** Supplied entries follows **

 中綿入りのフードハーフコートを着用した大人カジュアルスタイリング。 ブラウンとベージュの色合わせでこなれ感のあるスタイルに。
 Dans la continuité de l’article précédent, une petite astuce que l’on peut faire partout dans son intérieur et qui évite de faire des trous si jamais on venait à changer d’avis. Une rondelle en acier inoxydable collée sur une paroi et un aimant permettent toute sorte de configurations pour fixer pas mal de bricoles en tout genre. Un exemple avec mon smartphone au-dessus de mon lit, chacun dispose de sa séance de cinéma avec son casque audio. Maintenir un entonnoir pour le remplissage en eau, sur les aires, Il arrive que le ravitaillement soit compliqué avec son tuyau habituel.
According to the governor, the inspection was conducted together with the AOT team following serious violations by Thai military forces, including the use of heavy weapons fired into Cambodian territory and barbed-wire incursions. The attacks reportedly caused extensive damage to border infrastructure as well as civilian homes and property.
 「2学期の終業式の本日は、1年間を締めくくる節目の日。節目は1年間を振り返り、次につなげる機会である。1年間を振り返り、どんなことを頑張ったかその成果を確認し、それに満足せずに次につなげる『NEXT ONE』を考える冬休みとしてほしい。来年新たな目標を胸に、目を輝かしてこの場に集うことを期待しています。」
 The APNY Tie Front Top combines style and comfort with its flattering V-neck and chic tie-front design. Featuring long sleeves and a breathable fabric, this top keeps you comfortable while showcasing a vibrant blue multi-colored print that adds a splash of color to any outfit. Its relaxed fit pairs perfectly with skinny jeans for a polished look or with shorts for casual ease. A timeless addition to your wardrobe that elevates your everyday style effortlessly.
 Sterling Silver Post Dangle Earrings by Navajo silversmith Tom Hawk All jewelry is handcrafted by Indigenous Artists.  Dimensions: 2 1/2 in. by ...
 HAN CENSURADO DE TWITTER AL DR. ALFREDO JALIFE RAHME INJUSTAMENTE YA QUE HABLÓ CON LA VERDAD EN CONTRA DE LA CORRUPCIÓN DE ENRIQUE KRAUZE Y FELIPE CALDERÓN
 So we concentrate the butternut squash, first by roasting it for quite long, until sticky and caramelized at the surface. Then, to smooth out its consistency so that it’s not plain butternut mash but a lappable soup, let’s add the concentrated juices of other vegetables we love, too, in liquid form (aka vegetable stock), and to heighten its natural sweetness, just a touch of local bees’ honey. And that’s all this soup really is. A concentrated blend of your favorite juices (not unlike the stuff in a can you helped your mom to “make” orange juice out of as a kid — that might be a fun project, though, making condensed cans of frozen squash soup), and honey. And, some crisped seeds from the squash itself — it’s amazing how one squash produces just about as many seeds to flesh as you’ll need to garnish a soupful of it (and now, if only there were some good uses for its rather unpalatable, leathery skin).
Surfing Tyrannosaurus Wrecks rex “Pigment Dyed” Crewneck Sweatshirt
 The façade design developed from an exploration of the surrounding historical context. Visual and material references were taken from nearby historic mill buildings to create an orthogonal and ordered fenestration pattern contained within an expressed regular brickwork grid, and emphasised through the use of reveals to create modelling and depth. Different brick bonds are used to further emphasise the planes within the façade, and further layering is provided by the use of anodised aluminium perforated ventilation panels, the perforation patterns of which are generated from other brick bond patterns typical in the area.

** End of Supplied entries **

▶ _What is expected_
Give back exactly the lines from the one that contains "Surfing Tyrannosaurus Wrecks" to the end of the material, both ends kept, and no other line.

▶ _Completed task_
Surfing Tyrannosaurus Wrecks rex “Pigment Dyed” Crewneck Sweatshirt
 The façade design developed from an exploration of the surrounding historical context. Visual and material references were taken from nearby historic mill buildings to create an orthogonal and ordered fenestration pattern contained within an expressed regular brickwork grid, and emphasised through the use of reveals to create modelling and depth. Different brick bonds are used to further emphasise the planes within the façade, and further layering is provided by the use of anodised aluminium perforated ventilation panels, the perforation patterns of which are generated from other brick bond patterns typical in the area.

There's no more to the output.